Adversity can either bring in despondency or can spur one to raise one’s game. I would like to see this adversity as an opportunity for IFAs to raise their game. Many of the small IFAs have tended to focus on a narrow product range. Most sell only equity funds and don’t sell debt funds, many sell only SIPs within equity funds. They have a healthy book of clients, but poor wallet share from these clients. One of the key drivers of this narrow product range is the focus on revenue per product. The need of the hour is to move from revenue per product to revenue per client. Most Indian investors have invested less than 10% of their portfolio in equity assets. For an IFA who earned 1% on this 10%, and is now looking at the prospect of trail going down by 20%, there is an untapped opportunity to intermediate on at least another 40% of his client’s portfolio. That is 4X more in terms of volume, but comes with commissions that are half or one-third of what you earn from equity funds. If you just do the homework, you will realize that 50% lower commission on 4X more volume is actually 2X more in terms of overall revenue. There is actually an opportunity to earn more from debt funds than from equity funds – contrary to popular perception that debt funds are not remunerative. Many of the successful IFAs have embraced this wallet share concept long ago, and have built large and well diversified AuM for themselves. I would urge every IFA who is currently feeling despondent due to these regulatory changes, to emulate their more successful IFA peers, embrace wallet share as the key philosophy, and broaden their product suite irrespective of whether some products pay out less commissions than others. Volumes will overcome margin contraction only when you are active across the entire range of MF products across equity, debt and liquid funds.

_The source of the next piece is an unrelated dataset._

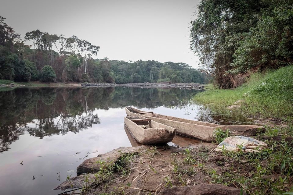 Introduction: Image du débarcadère des villages Düm-Nloong ou Düm-Nyoong et Mfida "Yanda " sur la rive droite du fleuve Nyong ou Nlong du Cameroun.

This will mean a reboot for many distributors. We at SBI MF will be working very closely with IFAs through this year to help them in this reboot process. The need of the hour is to engage with investors more holistically, adopt a solutions based sales approach, have a sharp focus on increasing wallet share to drive up revenues per client and embrace technology fully to better serve a growing client base. In fact, more and more fund houses are realizing the need for a solutions based approach and introducing tools and features which enable the distributor to market mutual funds comprehensively. We have recently introduced a facility called SBI Multi Select through which distributors can plan for their clients more holistically with schemes across asset classes and risk profiles. We will endeavour to support our distribution partners through every aspect of this process.